Let us take a look at the purity of the system now as compared to before measurement. We can see entropy was increased!

r = np.outer(psi.conj().T, psi)
print("Before measurement")
print(np.trace(r.dot(r)))
print("After measurement")
print(np.trace(rho.dot(rho)))

Before measurement
0.9999999999999991
After measurement
0.24999999999999967

Moreover, let use trace out Alice’s system and only look at Bob’s system.

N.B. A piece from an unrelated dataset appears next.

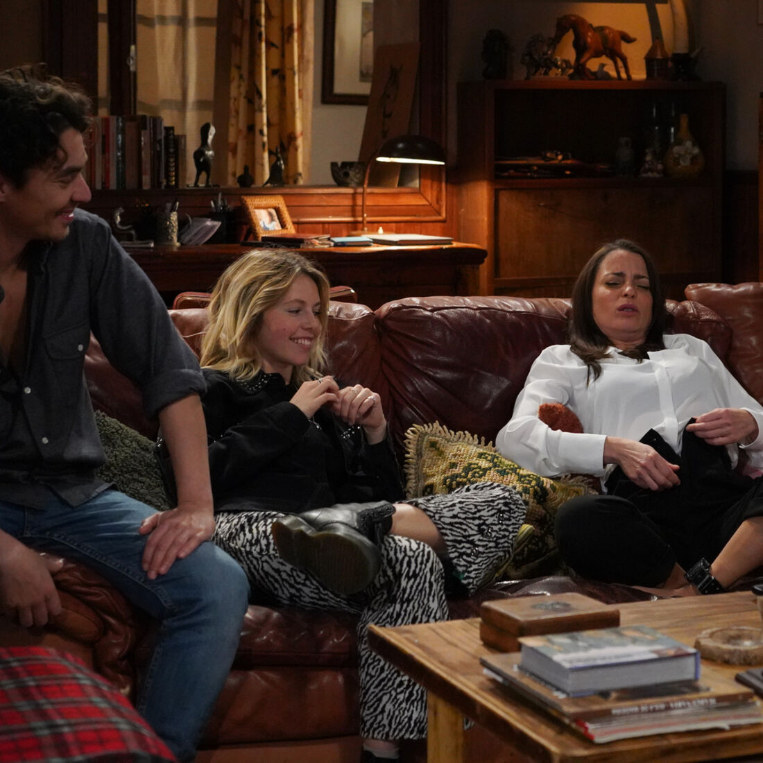 Por fim, perante Augusto (Fernando Luís), a empresária tenta disfarçar que está maldisposta. Conversam sobre Teresinha (Laura Dutra) e Augusto reconhece que foi excessivo com a rapariga por ter puxado demasiado por ela na carpintaria. Sofia aconselha-o a fazer as pazes com a afilhada.

This will give us insight to what Bob currently knows (after the measurement but ignoring the results.)

tr_A = np.zeros((2,2))

# By linearity in trace input
for i in range(4):
    # |b_1><b_2| <00|00>{<01|01|}{10|10}{11|11} = is already encoded in rho just find |b_1><b_2| (which are just blocks in rho)
    tr_i = rho[np.ix_([i*2,i*2+1], [i*2, i*2+1])]
    tr_A = tr_A + tr_i

print('Bob\'s state matrix:')
print(tr_A)

print('Clearly, this is maximally mixed:')
# Mixed state since < 1
print(np.trace(tr_A.dot(tr_A)))

Bob's state matrix:
[[0.5 0. ]
 [0.  0.5]]
Clearly, this is maximally mixed:
0.49999999999999933

As we can see, Bob’s state is \(\frac{1}{2} \mathbf{I}\).

Well this is a maximally-mixed state! Namely, Bob’s state is mixture of states that all occur with equal probability; we have no clue what those states are, as there are infinitely many ways to construct (summing to) the identity.

Now going back, if we did record the results then we would have 4 possible combinations (tracked by classical bits) and likewise we would know exactly the 4 pure states that Bob has, each occurring with probability \(\frac{1}{4}\). And hence we know what the summation to produce the identity!

Conclusion

This mathematically shows the interesting ideas concerning quantum measurement. And more importantly, the difference between classical and quantum measurement – where classically, if we ignore the measured result (i.e. non-disturbing), our a-posteriori state (how much we know about a system) does not change, where as in quantum it does!